Part 45 of 58

The Comparison

By Madhav Kaushish · Ages 12+

Trviksha needed human judgments about what made a good output. The question was how to collect them.

Why Not Scores?

Her first idea was simple: show humans a model output and ask them to rate it on a scale from one to ten.

She tried this with Zhrondvik's staff. The results were inconsistent. One reviewer gave a summary a seven. Another gave the same summary a four. A third gave it a six. The scores were noisy, and different reviewers had different internal scales — one reviewer's seven was another reviewer's five.

Trviksha: Absolute scores are unreliable. People do not agree on what a "seven" means. The same person gives different scores for the same output on different days.

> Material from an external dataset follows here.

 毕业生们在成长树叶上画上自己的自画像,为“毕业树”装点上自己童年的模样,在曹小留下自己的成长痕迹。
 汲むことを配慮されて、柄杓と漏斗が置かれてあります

Blortz: Can you ask a simpler question?

Trviksha: What if I ask: "Here are two outputs. Which is better?" Not "how good is this?" but "which of these two do you prefer?"

She tried it. Two summaries of the same report, generated by the model with different random seeds. The reviewer picked one. The agreement between reviewers was much higher — roughly eighty percent of the time, different reviewers picked the same output as better. The remaining twenty percent were cases where the two outputs were roughly equal in quality.

Trviksha: Pairwise comparisons are easier and more reliable than absolute scores. People are better at saying "A is better than B" than at saying "A is a 7.3."

Collecting Judgments

She set up a systematic collection process. For each of five hundred questions from Zhrondvik's daily reports, the model generated two candidate responses. A panel of twelve reviewers — drawn from Zhrondvik's staff, provincial governors, and experienced administrators — compared each pair and selected the better response.

Five hundred questions, each with a pair of responses, each judged by three reviewers. Fifteen hundred total comparisons. In cases where reviewers disagreed, the majority preference was used.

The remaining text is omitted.